Okay, if nintendo name is in a video talking about security and home brew,
This means I will download this video before it gets deleted. 😂😂
My only gripe is how fragile the internals are, even for seasons vets in soldering. It doesn't take much for it to break over time. Hence why Nintendo keeps pushing revisions of the console.
Some white box switches were patched like mine. Mistake you made.
Yeah I'm surprised he didn't mention it. I still remember seeing the serial number checker website where it'd tell you if your switch is hackable
Possibly has been returned to Nintendo at one point for repair
@@bitelaserkhalif My white box patched switch was a brand new one
Looking forward to the inevitable Picofly video in the future
Can't wait to play new Zelda at 4k 120 fps , on emulator day one.
It's literaly possible right now, if you own an 4090.
Funnily enough, I knew a decent amount about the Nvidia Shield K1 tablet, the general model line for the Switch, before the NX was even announced, as it was an option I was considering for a cheap portable gaming alternative as well as a useful tablet I would need for my schooling (since I no longer had a functional laptop I could use what with my craptop's keyboard giving out). The Switch made that idea obsolete, though, and I wound up just borrowing an old laptop to use for a while. It was awful.

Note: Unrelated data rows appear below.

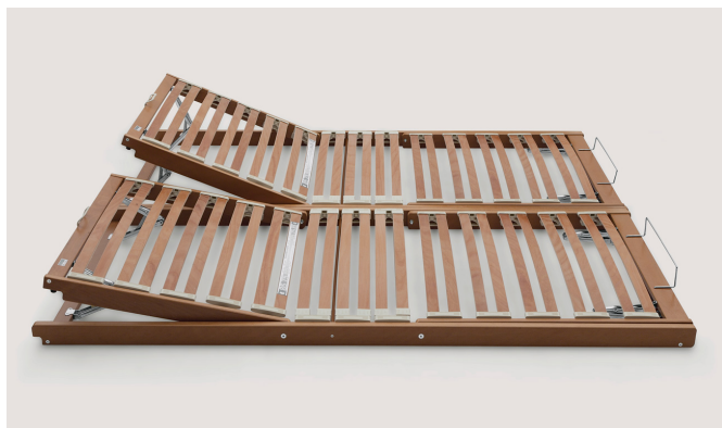
Anatomic bedstead with manual movement

Bedstead in beech wood with flexible slats fixed on pair on rubber supports. In the pelvis area, the slats are doubled to grant the best support and are provided of sliders to adjust the flexibility. Manual headboard movement. We suggest the use of single standard mattresses or latex mattresses. Dimensions in: w 31 1/2"- 35 1/2"-39 1/4" d 78 3/4"-82 3/4" h 2 3/4".
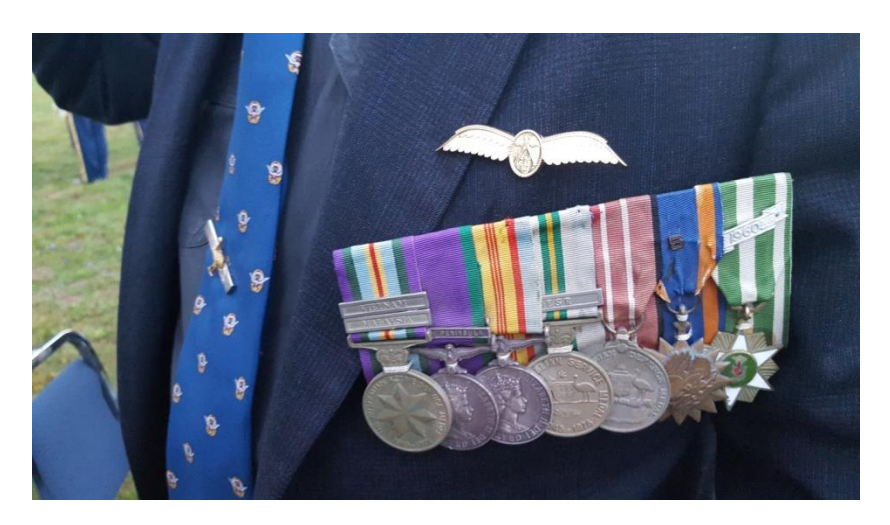
Forgotten Hero Wings (For service to the 135<sup>th</sup>)

In addition to the memorial service there was a casual gathering at Mother Rucker's on Sunday afternoon 24 April 2016, and a hanger tour in Ozark at the Friends of Army Aviation Hanger followed by a lunch. We would like to thank the 135<sup>th</sup> AHC EMUs and all those who served in Vietnam.
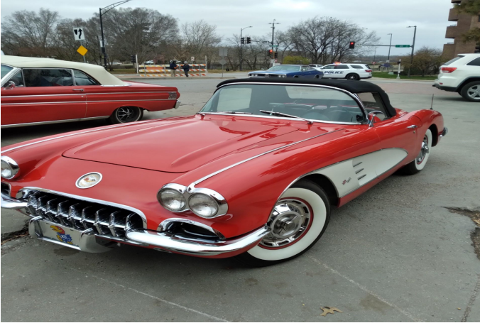
1960 Chevrolet Corvette Pete Maxon
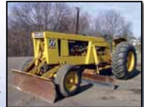
(1) OF (3) HUBER MAINTAINERS

HUBER Road Maintainer , s/n CM3597, Ford gas and Fuller 5 speed trans, 9' all hydraulic moldboard, 6' front knockdown blade, 7.50-16 front and 13.6x38 rear tires. In fair condition with fair tires.
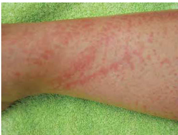
Fig. 8. Jellyfish sting. Linear erythematous plaques, which may be vesicular or urticarial (Tlougan et al. , 2010b). Reproduced with permission from International Journal of Dermatology .

Individuals stung by sea anemones present with an initial stinging or burning sensation with erythema, edema, petechial hemorrhages and ecchymoses. Eventually, an erythematous, papulovesicular eruption develops and local necrosis, ulceration and desquamation may occur (Halstead, 1988). Bathing or showering exacerbates the stinging or burning sensation. Severe side effects include acute renal failure and fulminant hepatic failure (Garcia et al. , 1994; Mizuno et al. , 2000). Seabather's eruption results from contact with larvae of the adult sea anemone and the thimble jellyfish and presents similarly with systemic symptoms occurring in up to 10% of cases. (Freudenthal & Joseph, 1993; MacSween & Williams, 1996; Sams, 1949; Tomchik et al. , 1993).

YEAH UNPATCHED V1 SWITCHS AND ATMOSPHERE CFW ON TOP!
If memory serves me right, fusee gelee still isn't considered cold boot, since it needs the maintenance mode of the switch.
Cold boot would be something that is more persistent. 3.0.0 should have the option, but it has not been explored in years iirc.

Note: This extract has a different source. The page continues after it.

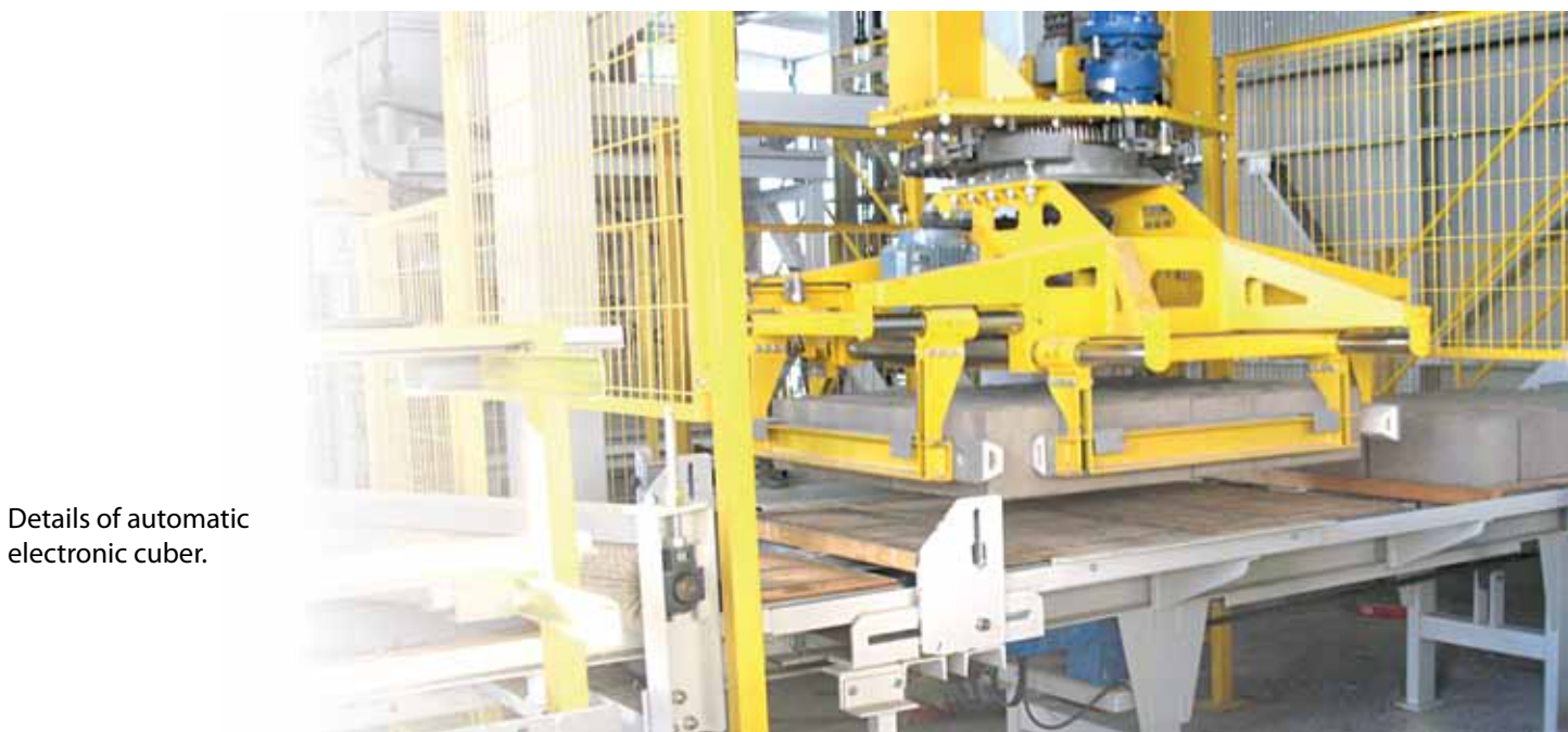
Details of automatic electronic cuber.

Having a modded Switch is pretty neat, I really like being able to play game mods and unofficial software. As for piracy, just things that aren't being sold anymore or are being sold as an overpriced or inferior version. I don't pirate recent games personally, but I don't condemn doing so (besides indies) because I get it. Many of my fondest memories are of playing games on my Wii through CFG, and an R4 cart on my DSi. My family wasn't struggling financially (I was a bit spoiled if anything) but video games are expensive. So yeah, modding is cool for many reasons.
Tonight I found out my Switch is one of those Lucky 15 million.
Congrats to you 🎉🎉
funny how almost every major security issue on the switch is the fault of nvidia
The news about NX being powered by the Nvidia Tegra X1 was revealed by an insider (I don't remember her name tho...), not by Eurogamer. I remember how disappointed I was. Great video tho.
How I've missed Mistakes Were Made!
I love the into music mate, when I hear it I know shish is about to go down.
Interesting fact: Most people exploit with jigs and paperclips, but apparently it's doable with tinfoil (aluminium foil) which ironically is the name of a piece of homebrew software which allows for the installation of NSP and XCI files.